Sunday, February 05, 2006

Oil and the dollar

The Washington Times
February 5, 2006

The World Economic Forum, which convened recently in Davos, Switzerland, looked at risks facing the global economy. The WEF offered a laundry list of potential turbulence-causing events and assessed the probability of each occurring. Among the biggest risks confronting the world included oil-price spikes of different magnitudes, terrorist attacks of variable intensities and sizable declines in the value of the dollar.
The WEF's Global Risk Program, according to a report in the Wall Street Journal, assigned a probability of less than 1 percent that the price of oil would spike to $100 a barrel in 2006. Chances are better than one in five, however, that the price of oil, which has been flirting with $70 in recent days, would reach $80 a barrel this year. There was less than a 1 percent chance that the dollar, which appreciated between 10 percent and 15 percent against the pound, euro and yen last year, would decline by 40 percent; the likelihood that the dollar would fall by 20 percent, however, was as high as 10 percent.
An energy-crisis simulation conducted at the WEF examined the likely effects of a terrorist attack that removed from the market 5 percent of the world's daily oil demand, which totals about 85 million barrels. Coincidentally or otherwise, that amount of withdrawn oil (4.2 million barrels) precisely equals the daily output of Iran, the world's fourth-largest oil producer.

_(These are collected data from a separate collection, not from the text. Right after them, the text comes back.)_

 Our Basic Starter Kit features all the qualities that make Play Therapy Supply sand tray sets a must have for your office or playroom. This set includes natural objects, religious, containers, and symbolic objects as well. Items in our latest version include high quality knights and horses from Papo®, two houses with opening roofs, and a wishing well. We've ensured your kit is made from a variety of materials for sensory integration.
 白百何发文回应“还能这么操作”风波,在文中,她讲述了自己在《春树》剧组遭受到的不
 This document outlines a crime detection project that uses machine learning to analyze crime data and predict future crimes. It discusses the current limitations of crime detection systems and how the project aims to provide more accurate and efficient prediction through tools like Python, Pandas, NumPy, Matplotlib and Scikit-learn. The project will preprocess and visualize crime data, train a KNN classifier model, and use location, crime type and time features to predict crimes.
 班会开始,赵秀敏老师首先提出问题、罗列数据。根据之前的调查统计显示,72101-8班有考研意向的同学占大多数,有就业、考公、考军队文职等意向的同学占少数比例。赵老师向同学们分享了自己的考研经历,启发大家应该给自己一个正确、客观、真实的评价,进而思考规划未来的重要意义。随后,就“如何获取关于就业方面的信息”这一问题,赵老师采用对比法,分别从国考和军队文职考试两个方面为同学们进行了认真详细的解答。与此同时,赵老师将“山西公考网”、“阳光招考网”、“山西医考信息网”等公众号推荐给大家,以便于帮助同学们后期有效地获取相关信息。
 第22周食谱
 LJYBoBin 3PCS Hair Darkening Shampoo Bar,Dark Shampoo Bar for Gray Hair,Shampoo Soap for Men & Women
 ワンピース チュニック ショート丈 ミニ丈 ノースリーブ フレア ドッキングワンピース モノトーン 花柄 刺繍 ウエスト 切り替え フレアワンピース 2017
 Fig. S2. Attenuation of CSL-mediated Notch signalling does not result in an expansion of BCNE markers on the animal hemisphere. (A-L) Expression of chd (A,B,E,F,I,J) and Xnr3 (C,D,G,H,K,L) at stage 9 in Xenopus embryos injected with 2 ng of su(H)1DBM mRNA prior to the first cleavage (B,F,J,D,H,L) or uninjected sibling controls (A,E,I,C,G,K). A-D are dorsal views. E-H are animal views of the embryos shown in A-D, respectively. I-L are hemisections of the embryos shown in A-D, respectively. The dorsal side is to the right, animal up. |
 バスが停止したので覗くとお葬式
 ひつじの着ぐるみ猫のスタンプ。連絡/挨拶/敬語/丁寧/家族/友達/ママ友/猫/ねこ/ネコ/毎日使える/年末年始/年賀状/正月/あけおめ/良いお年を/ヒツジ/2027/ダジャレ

Based on October production levels, the U.S. Energy Information Administration reported last week that Iranian oil output trails only Saudi Arabia (9.5 million barrels per day), Russia (9.2 million) and the United States (4.25 million).
How might the world react if oil output falls by 5 percent? The Wall Street Journal reported that the chief executive of Saudi Aramco assured the WEF that Saudi Arabia could produce an extra 1.5 million barrels per day. The crisis simulation concluded that increased output by other producers and strategic petroleum reserves stockpiled by developed countries could handle the balance (between 2.5 and 3 million barrels) of the shortage.

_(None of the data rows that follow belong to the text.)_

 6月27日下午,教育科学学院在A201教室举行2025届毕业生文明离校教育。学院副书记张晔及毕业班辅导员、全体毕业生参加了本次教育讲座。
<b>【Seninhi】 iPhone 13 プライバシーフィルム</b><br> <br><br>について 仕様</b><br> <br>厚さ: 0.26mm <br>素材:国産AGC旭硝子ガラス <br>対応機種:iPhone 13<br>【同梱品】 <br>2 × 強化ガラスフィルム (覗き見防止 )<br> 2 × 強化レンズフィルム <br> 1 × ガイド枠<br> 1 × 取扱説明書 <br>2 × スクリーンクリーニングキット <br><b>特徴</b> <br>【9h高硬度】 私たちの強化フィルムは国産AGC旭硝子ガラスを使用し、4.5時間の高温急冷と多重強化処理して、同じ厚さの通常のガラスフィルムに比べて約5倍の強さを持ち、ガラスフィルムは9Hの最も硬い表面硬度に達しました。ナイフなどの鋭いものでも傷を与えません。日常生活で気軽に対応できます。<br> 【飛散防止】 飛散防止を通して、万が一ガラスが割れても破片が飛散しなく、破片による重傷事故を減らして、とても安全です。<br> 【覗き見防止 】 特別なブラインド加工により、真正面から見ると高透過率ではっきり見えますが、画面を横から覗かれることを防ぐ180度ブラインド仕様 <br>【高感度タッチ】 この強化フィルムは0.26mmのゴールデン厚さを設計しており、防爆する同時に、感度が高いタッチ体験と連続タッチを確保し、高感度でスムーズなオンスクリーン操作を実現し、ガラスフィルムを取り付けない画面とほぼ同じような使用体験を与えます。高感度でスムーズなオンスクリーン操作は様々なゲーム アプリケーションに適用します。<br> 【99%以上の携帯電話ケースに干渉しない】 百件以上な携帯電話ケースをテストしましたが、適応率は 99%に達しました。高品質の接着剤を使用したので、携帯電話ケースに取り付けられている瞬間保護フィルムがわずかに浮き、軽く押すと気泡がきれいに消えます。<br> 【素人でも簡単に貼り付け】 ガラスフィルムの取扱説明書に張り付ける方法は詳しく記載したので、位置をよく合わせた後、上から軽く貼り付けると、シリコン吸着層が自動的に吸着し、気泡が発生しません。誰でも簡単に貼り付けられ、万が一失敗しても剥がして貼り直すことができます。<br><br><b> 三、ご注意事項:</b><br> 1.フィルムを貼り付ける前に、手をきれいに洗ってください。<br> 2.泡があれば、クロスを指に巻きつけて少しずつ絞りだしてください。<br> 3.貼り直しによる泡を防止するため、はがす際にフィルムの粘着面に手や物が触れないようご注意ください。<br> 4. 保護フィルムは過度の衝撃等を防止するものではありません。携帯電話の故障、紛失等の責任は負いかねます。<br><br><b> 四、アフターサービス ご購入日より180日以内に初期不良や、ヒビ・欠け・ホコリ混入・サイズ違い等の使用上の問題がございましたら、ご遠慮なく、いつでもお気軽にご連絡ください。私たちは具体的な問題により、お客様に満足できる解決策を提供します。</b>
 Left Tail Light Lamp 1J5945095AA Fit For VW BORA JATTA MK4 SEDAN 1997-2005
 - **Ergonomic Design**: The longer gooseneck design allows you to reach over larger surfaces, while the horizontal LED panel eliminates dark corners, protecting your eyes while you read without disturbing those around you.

Assuming that the lost output could be replaced for at least a year, the crisis simulation nonetheless concluded that the price of oil would still surge as high as $120 per barrel amid geopolitical concerns over the lack of capacity to meet further output disruptions. Beyond any additional disruptions, however, it must be noted that there are serious concerns within the oil industry questioning Saudi Arabia's ability to ramp up output from 9.5 million barrels to 11 million barrels and sustain production at that level for a year or longer. Thus, relying on Saudi Aramco for an extra 1.5 million barrels may prove to be extremely foolish.

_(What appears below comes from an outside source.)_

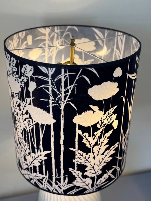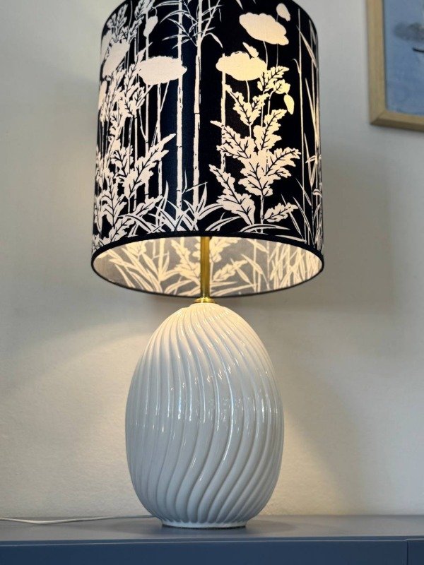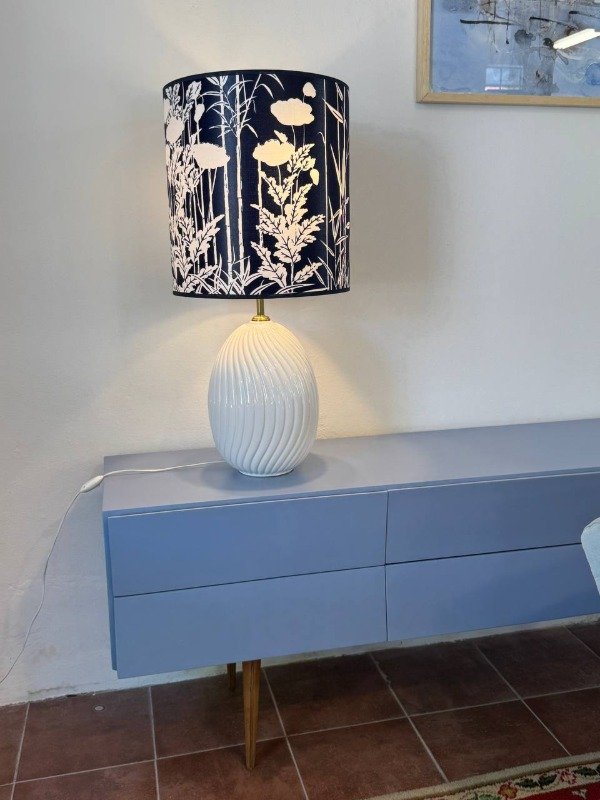 Lámpara vintage de cerámica. La pantalla está hecha a nuevo (tela importada vintage) y la parte eléctrica también.
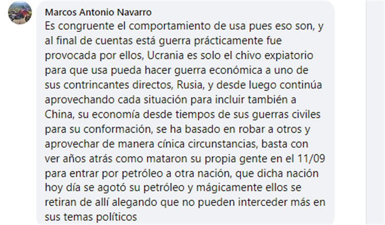 有西语网友表示,这场战争实际上是因美国而起,乌克兰只是替罪羊,美国却可以借此向俄罗斯挑起经济战:“美国当然还会继续利用各种事件,届时将把中国也卷进来。美国的经济从很久之前内战时期就是建立在窃取和利用别人的成果之上的,看看9.11事件,美国为了获取另一个国家的石油,杀了自己的人民,而另一个国家今时今日已经石油枯竭。荒谬的是此时美国说要撤军,借口说他们不再介入别国的政治了。”

What might be the economic impact of $120 oil? When Mideast oil prices soared from $3 a barrel in October 1973 to nearly $12 a barrel four months later and when much of the same oil soared from less than $13 a barrel in 1978 to more than $40 in 1981, the world's total oil expenditures approximated 7 percent of world gross domestic product (GDP). Last year, when oil reached $70, oil expenditures approximated 4 percent of global GDP. At $120 per barrel, however, oil expenditures would approach 8 percent of global GDP, a level higher than that produced by the price spikes of 1973-74 and 1979-81, which generated the two deepest recessions in America since the Great Depression. Moreover, because the United States imports nearly 14 million barrels of petroleum per day (more than twice the import levels in 1973 and 1980), a price of $120 per barrel would increase the nation's petroleum-import bill by $25 billion per month (and $300 billion per year).
Recall that last year's trade deficit totaled about $725 billion, which reflected an annual increase of more than $300 billion since 2002. Now, consider the trade deficit's underlying growth trend independent of any oil-price spikes; then assume that U.S. consumers reduce their demand for non-oil imports by $150 billion per year in order to pay for half of the $300 billion annualized increase in the nation's oil-import bill induced by $120 oil. The result is still an annualized trade deficit above $1 trillion. All of a sudden, the prospect for a huge fall in the dollar becomes much more likely. With foreign investors effectively financing 100 percent of the U.S. budget deficit, which will approach $400 billion this year, all bets would be off.
In an environment of a plunging dollar, the question becomes: How high would U.S. interest rates have to go in order to induce foreigners to continue lending money to America's overstretched consumer and fiscally irresponsible federal government?